• TASK INSTRUCTIONS:
Nothing but the pictures should be dropped when the records are transcribed word for word.

• Stored entries:
====
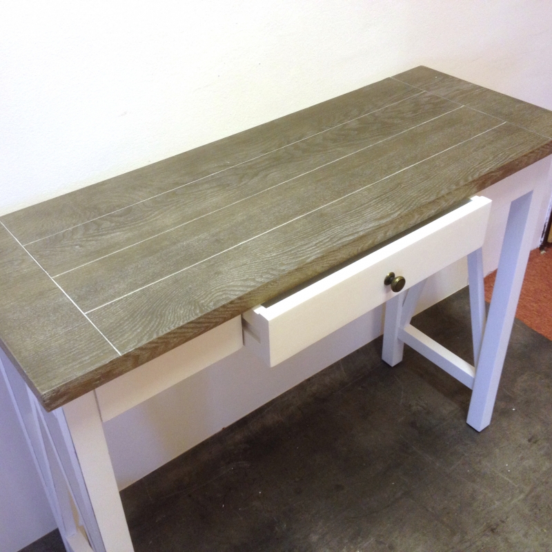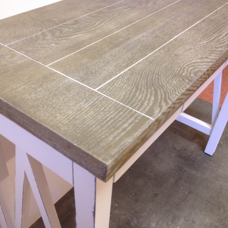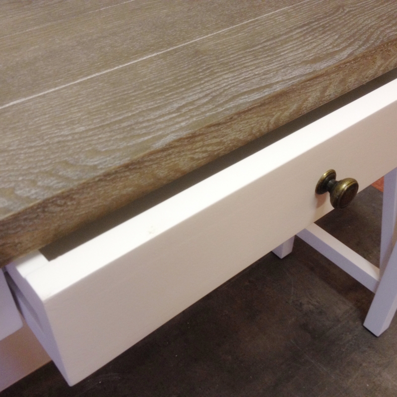 Konzolový stolík má dosku prírodnej farbe dreva s patinou, zvyšok je ladený do bielej farby s výrazným otlčeným vzhľadom. Ten k vidieckemu štýlu neodmysliteľne patrí!
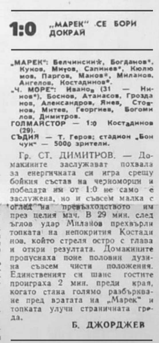 «Марек» Станке-Димитров - «Черно море» Варна - 1:0
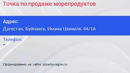 Точка по продаже морепродуктов по адресу Дагестан, Буйнакск, Имама Шамиля, 44/16 в дальнейшем Организация, размещена в следующих категориях:
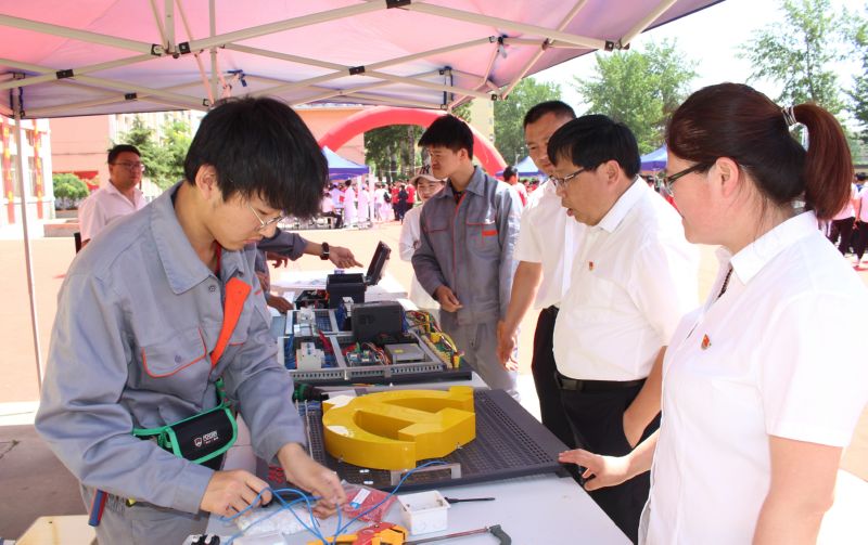 ▲6月2日,五四一高级技工学校电气自动化设备安装与维修专业学员在组装电器。
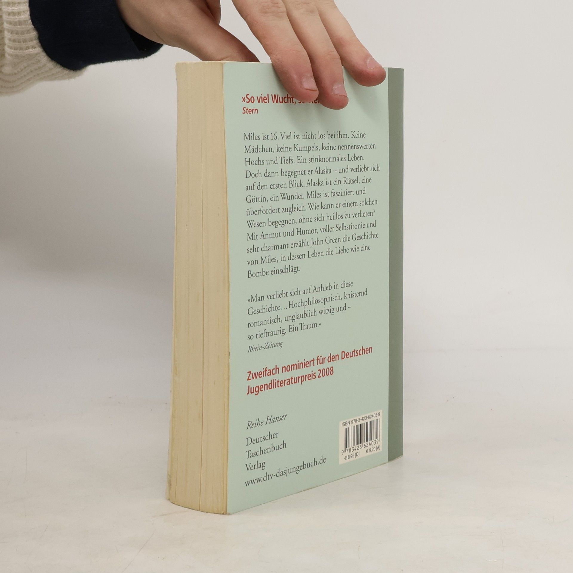 Zweifach nominiert für den Deutschen Jugendliteraturpreis 2008. Miles hat die Schule gewechselt. Auf dem Internat verknallt er sich in die schöne Alaska. Sie ist das Zentrum ihres Sonnensystems, der magische Anziehungspunkt des Internats. Wer um sie kreist, ist glücklich und verletzlich gleichermaßen, euphorisch und immer nah am Schulverweis. Alaska mag Lyrik, nächtliche Diskussionen über philosophische Absurditäten, heimliche Glimmstängel im Wald und die echte wahre Liebe. Miles ist fasziniert und überfordert zugleich. Dass hinter dieser verrückten, aufgekratzten Schale etwas Weiches und Verletzliches steckt, ist offensichtlich. Wer ist Alaska wirklich? Mit Anmut und Humor, voller Selbstironie und sehr charmant erzählt Green die zu Tränen rührende Geschichte von Miles, in dessen Leben die Liebe wie eine Bombe einschlägt.
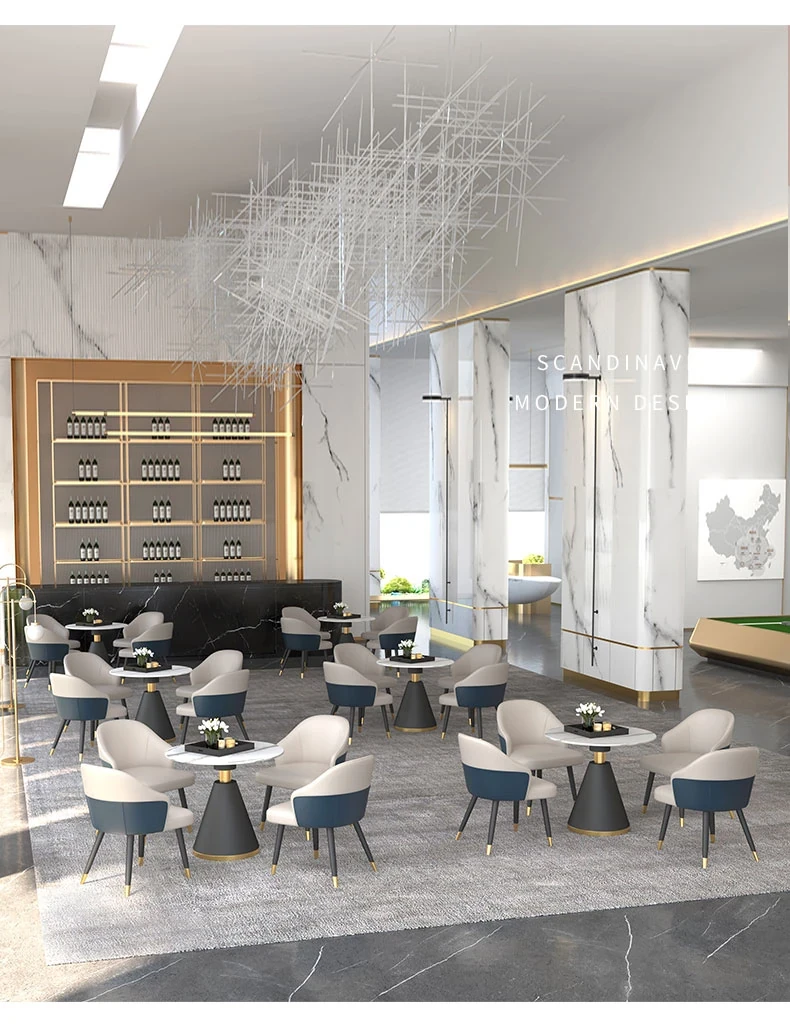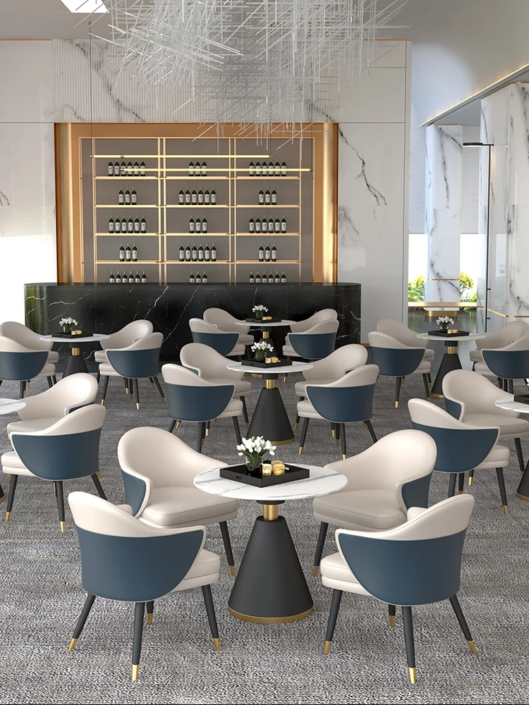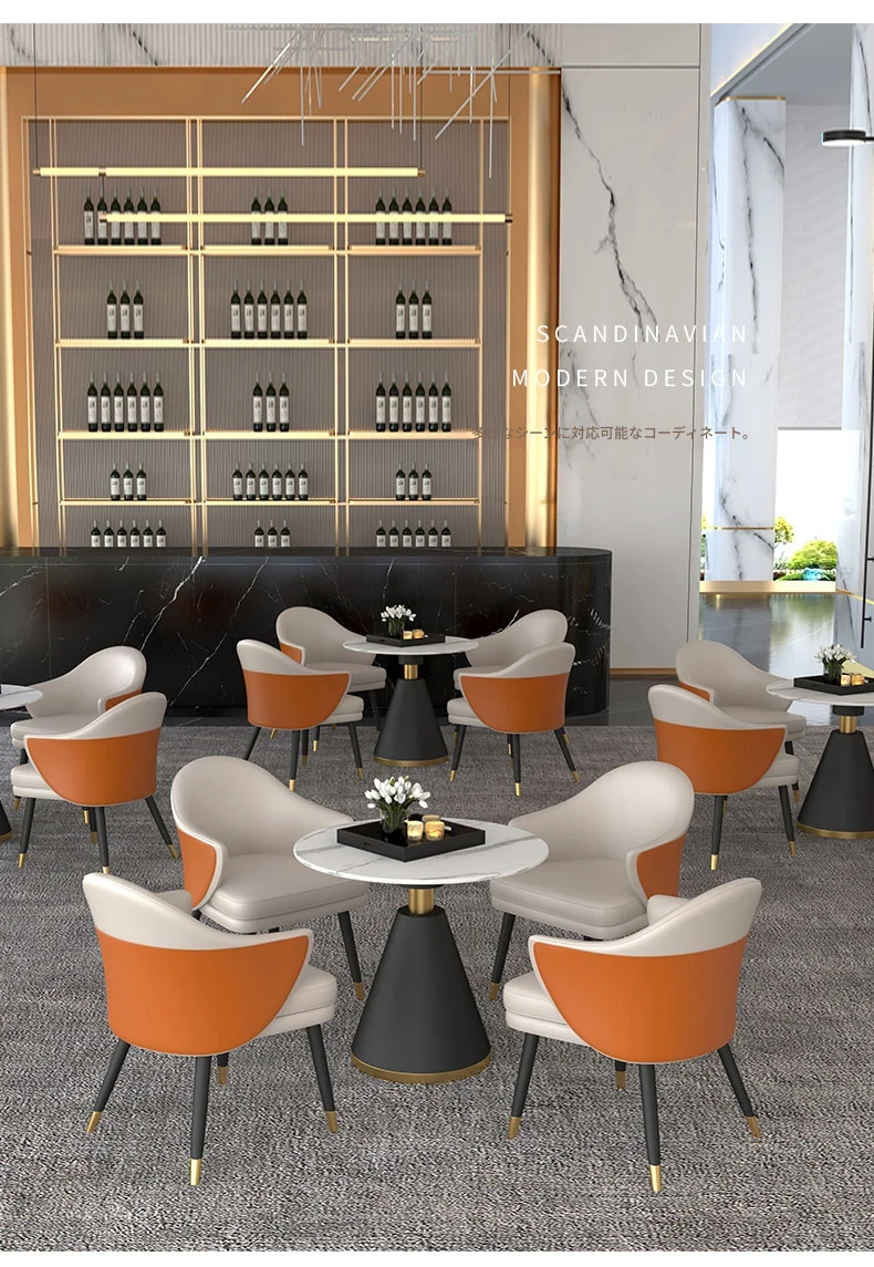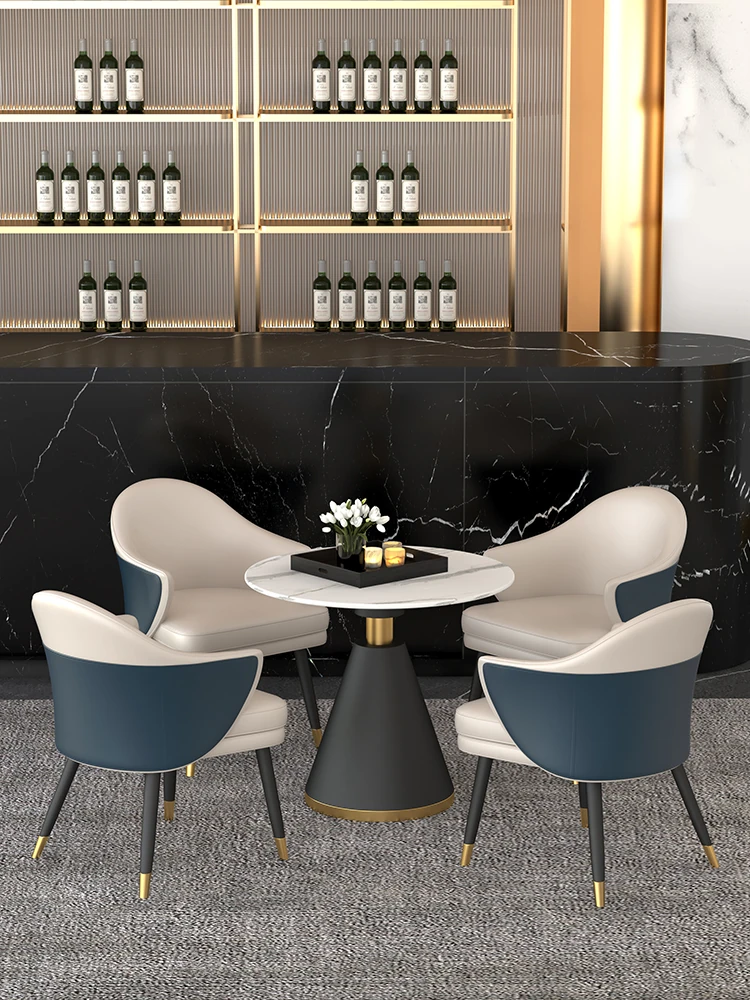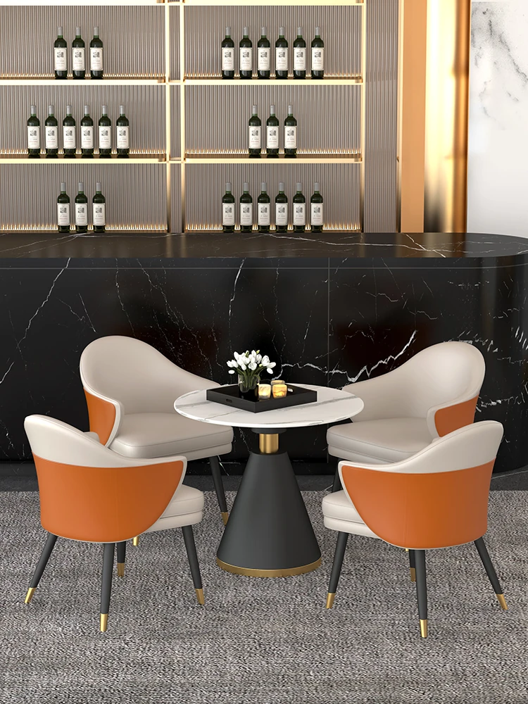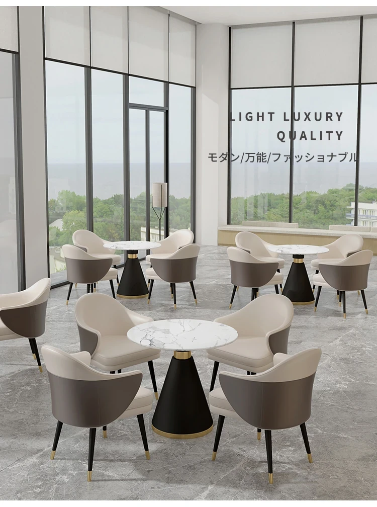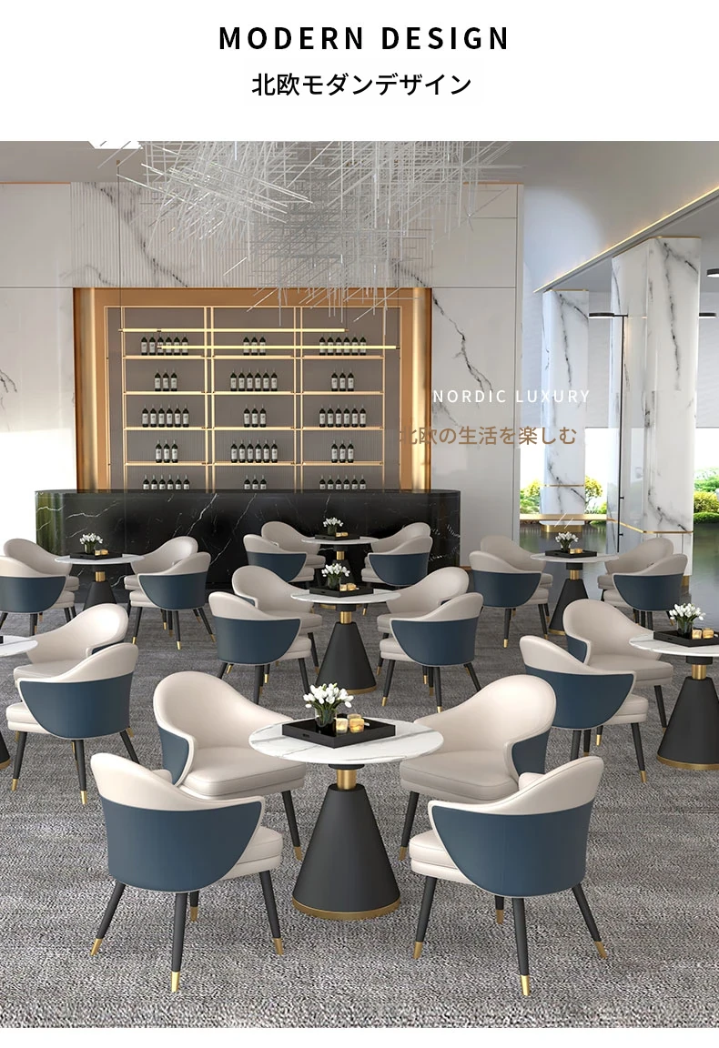 高級感溢れる不動産営業所用の談話テーブルセット!スタイリッシュな小型ラウンドテーブルと快適な4脚の椅子で、ビジネスミーティングや商談を華やかに演出。洗練されたデザインで、来客を心地よくお迎えします。
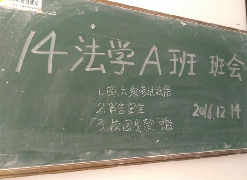 2016年12月14日星期三,14级法学A班在定静楼一c304召开了“诚信考试,防范盗窃,拒绝裸贷”主题班会。本次班会在法律学系14级辅导员温雯菲老师的指导下开展,由A班班长宋宝雯主持。
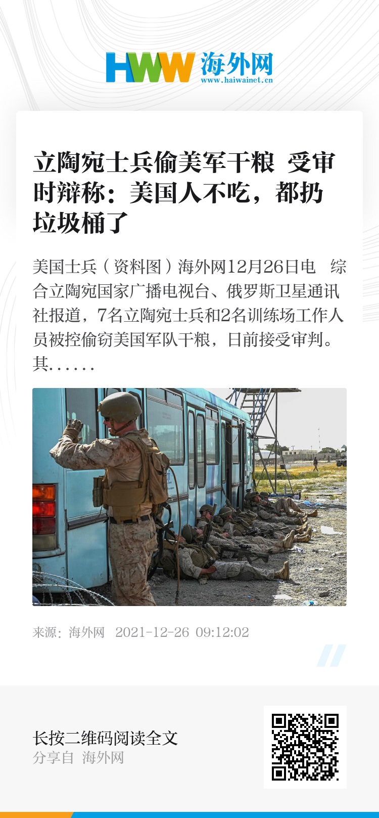 海外网12月26日电 综合立陶宛国家广播电视台、俄罗斯卫星通讯社报道,7名立陶宛士兵和2名训练场工作人员被控偷窃美国军队干粮,日前接受审判。其中一名被告辩解称,美国人经常不吃干粮,把它们扔进垃圾桶。
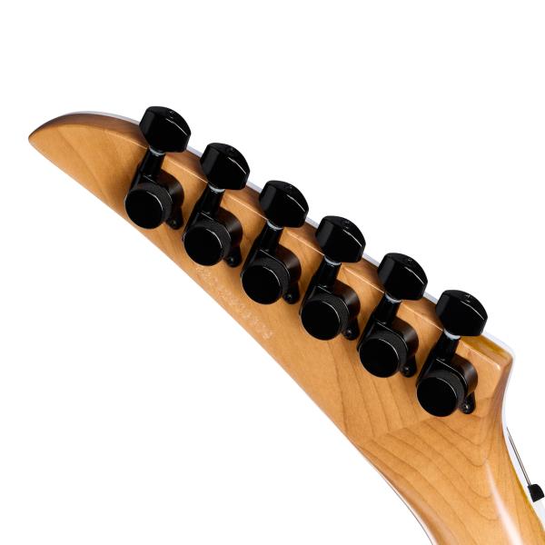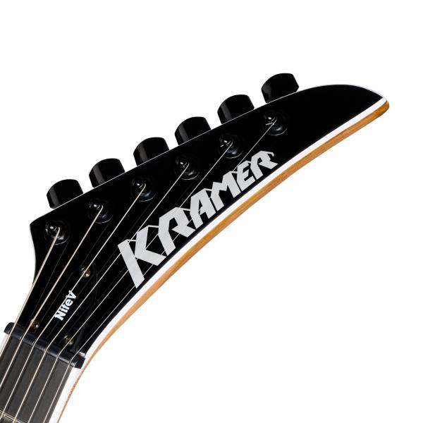 ボディースルーのノントレモロ仕様、14度ヘッド角の適度なテンション感、ザクザク刻むには持って来いの一本です。 マホガニーボディにサーマリーエイジド処理されたメイプル・ネック、ピックアップにはクレイマーUSAのEruption ピックアップを搭載しています。 エボニー指板、ロッキングチューナー、GraphTechナット、ロッキングチューナーなど上々のスペックです。 ちょっとポップなカラーからヘビーなサウンド、ギャップ萌え感も有りですネ プレミアム・ギグバック付属 画像はメーカー画像です。お届けの商品とは仕様や木目・色合いが異る場合があります。 人気の一本、店頭及び他のサイトでも販売しています。買い物かごに入れても売り切れの場合がございます。 ご了承の上、ご注文ください。 Body Material Mahogany Binding Single-ply, Fretboard and Headstock Body Finish Gloss Body, Satin Neck NECK Profile Kramer K-Speed SlimTaper C Scale Length 647.7 mm / 25.5 in Fingerboard Material Ebony Fingerboard Radius 304.8 mm / 12 in Neck Material Thermally Aged Maple Fret Count 22 Frets Jumbo Nut Material Graph Tech Nut Width 43.0 mm / 1.692 in Inlays Pearloid Thorn Joint Bolt-on with Black Ferrules Bridge Tune-O-Matic Tailpiece String-Through-Body with Black Ferrules Tuning Machines 6-inline, Locking Truss Rod Dual Action Neck Pickup Kramer USA Eruption Rhythm Bridge Pickup Kramer USA Eruption Treble Controls Master Volume, Master Tone Pickup Selector 3-way Toggle Output Jack 1/4" Black Barrel Strings Gauge .009, .011, .016, .024, .032, .042
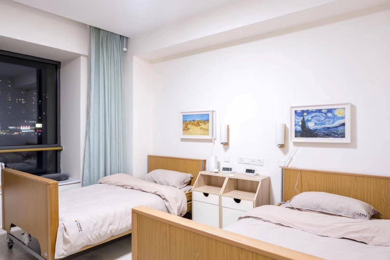 北京幸福颐养护理院建筑面积达24000平米,规模宏大、配套完善,采用国际化医养建筑设计,充分融合日本和荷兰先进的医养与适老设计理念,突破传统医院和养老机构的冰冷氛围,营造一个如家般温暖、舒适的居住环境,缓解长者对医院、养老院的抵触情绪。院内配备智慧化适老家居系统,包含小米定制智能家居系统、智能监测系统、智能照护系统、智能安防系统等,让老人的生活更加安全、便捷,如智能监测系统可实时监测长者生命体征,异常情况及时报警,智能安防系统保障长者居住安全。同时注重无障碍适老细节设计,防眩晕灯光、防滑地板、适老扶手、助浴凳、电动护理床、紧急求助按钮、急救宝等设计,全方位满足老人日常生活需求、安全需求,细节之处尽显人文关怀。居室内设紧急求助按钮,公共区域设急救宝,可即时发送定位及警报;院内配备除颤仪、无创呼吸机、电动吸引器、心电监护仪、心电图机等医疗急救设备,可快速应对长者突发疾病;每床设医疗设备带(氧气管道和负压吸引装置),保障长者日常医疗护理需求。此外,院内设有1000余平米的专业康复中心,划分五大功能分区、三大康复系统,配置专业康复设备,为长者提供专业康复训练服务。
====
• RESULT OF THIS TASK:
 Konzolový stolík má dosku prírodnej farbe dreva s patinou, zvyšok je ladený do bielej farby s výrazným otlčeným vzhľadom. Ten k vidieckemu štýlu neodmysliteľne patrí!
 «Марек» Станке-Димитров - «Черно море» Варна - 1:0
 Точка по продаже морепродуктов по адресу Дагестан, Буйнакск, Имама Шамиля, 44/16 в дальнейшем Организация, размещена в следующих категориях:
 ▲6月2日,五四一高级技工学校电气自动化设备安装与维修专业学员在组装电器。
 Zweifach nominiert für den Deutschen Jugendliteraturpreis 2008. Miles hat die Schule gewechselt. Auf dem Internat verknallt er sich in die schöne Alaska. Sie ist das Zentrum ihres Sonnensystems, der magische Anziehungspunkt des Internats. Wer um sie kreist, ist glücklich und verletzlich gleichermaßen, euphorisch und immer nah am Schulverweis. Alaska mag Lyrik, nächtliche Diskussionen über philosophische Absurditäten, heimliche Glimmstängel im Wald und die echte wahre Liebe. Miles ist fasziniert und überfordert zugleich. Dass hinter dieser verrückten, aufgekratzten Schale etwas Weiches und Verletzliches steckt, ist offensichtlich. Wer ist Alaska wirklich? Mit Anmut und Humor, voller Selbstironie und sehr charmant erzählt Green die zu Tränen rührende Geschichte von Miles, in dessen Leben die Liebe wie eine Bombe einschlägt.
 高級感溢れる不動産営業所用の談話テーブルセット!スタイリッシュな小型ラウンドテーブルと快適な4脚の椅子で、ビジネスミーティングや商談を華やかに演出。洗練されたデザインで、来客を心地よくお迎えします。
 2016年12月14日星期三,14级法学A班在定静楼一c304召开了“诚信考试,防范盗窃,拒绝裸贷”主题班会。本次班会在法律学系14级辅导员温雯菲老师的指导下开展,由A班班长宋宝雯主持。
 海外网12月26日电 综合立陶宛国家广播电视台、俄罗斯卫星通讯社报道,7名立陶宛士兵和2名训练场工作人员被控偷窃美国军队干粮,日前接受审判。其中一名被告辩解称,美国人经常不吃干粮,把它们扔进垃圾桶。
 ボディースルーのノントレモロ仕様、14度ヘッド角の適度なテンション感、ザクザク刻むには持って来いの一本です。 マホガニーボディにサーマリーエイジド処理されたメイプル・ネック、ピックアップにはクレイマーUSAのEruption ピックアップを搭載しています。 エボニー指板、ロッキングチューナー、GraphTechナット、ロッキングチューナーなど上々のスペックです。 ちょっとポップなカラーからヘビーなサウンド、ギャップ萌え感も有りですネ プレミアム・ギグバック付属 画像はメーカー画像です。お届けの商品とは仕様や木目・色合いが異る場合があります。 人気の一本、店頭及び他のサイトでも販売しています。買い物かごに入れても売り切れの場合がございます。 ご了承の上、ご注文ください。 Body Material Mahogany Binding Single-ply, Fretboard and Headstock Body Finish Gloss Body, Satin Neck NECK Profile Kramer K-Speed SlimTaper C Scale Length 647.7 mm / 25.5 in Fingerboard Material Ebony Fingerboard Radius 304.8 mm / 12 in Neck Material Thermally Aged Maple Fret Count 22 Frets Jumbo Nut Material Graph Tech Nut Width 43.0 mm / 1.692 in Inlays Pearloid Thorn Joint Bolt-on with Black Ferrules Bridge Tune-O-Matic Tailpiece String-Through-Body with Black Ferrules Tuning Machines 6-inline, Locking Truss Rod Dual Action Neck Pickup Kramer USA Eruption Rhythm Bridge Pickup Kramer USA Eruption Treble Controls Master Volume, Master Tone Pickup Selector 3-way Toggle Output Jack 1/4" Black Barrel Strings Gauge .009, .011, .016, .024, .032, .042
 北京幸福颐养护理院建筑面积达24000平米,规模宏大、配套完善,采用国际化医养建筑设计,充分融合日本和荷兰先进的医养与适老设计理念,突破传统医院和养老机构的冰冷氛围,营造一个如家般温暖、舒适的居住环境,缓解长者对医院、养老院的抵触情绪。院内配备智慧化适老家居系统,包含小米定制智能家居系统、智能监测系统、智能照护系统、智能安防系统等,让老人的生活更加安全、便捷,如智能监测系统可实时监测长者生命体征,异常情况及时报警,智能安防系统保障长者居住安全。同时注重无障碍适老细节设计,防眩晕灯光、防滑地板、适老扶手、助浴凳、电动护理床、紧急求助按钮、急救宝等设计,全方位满足老人日常生活需求、安全需求,细节之处尽显人文关怀。居室内设紧急求助按钮,公共区域设急救宝,可即时发送定位及警报;院内配备除颤仪、无创呼吸机、电动吸引器、心电监护仪、心电图机等医疗急救设备,可快速应对长者突发疾病;每床设医疗设备带(氧气管道和负压吸引装置),保障长者日常医疗护理需求。此外,院内设有1000余平米的专业康复中心,划分五大功能分区、三大康复系统,配置专业康复设备,为长者提供专业康复训练服务。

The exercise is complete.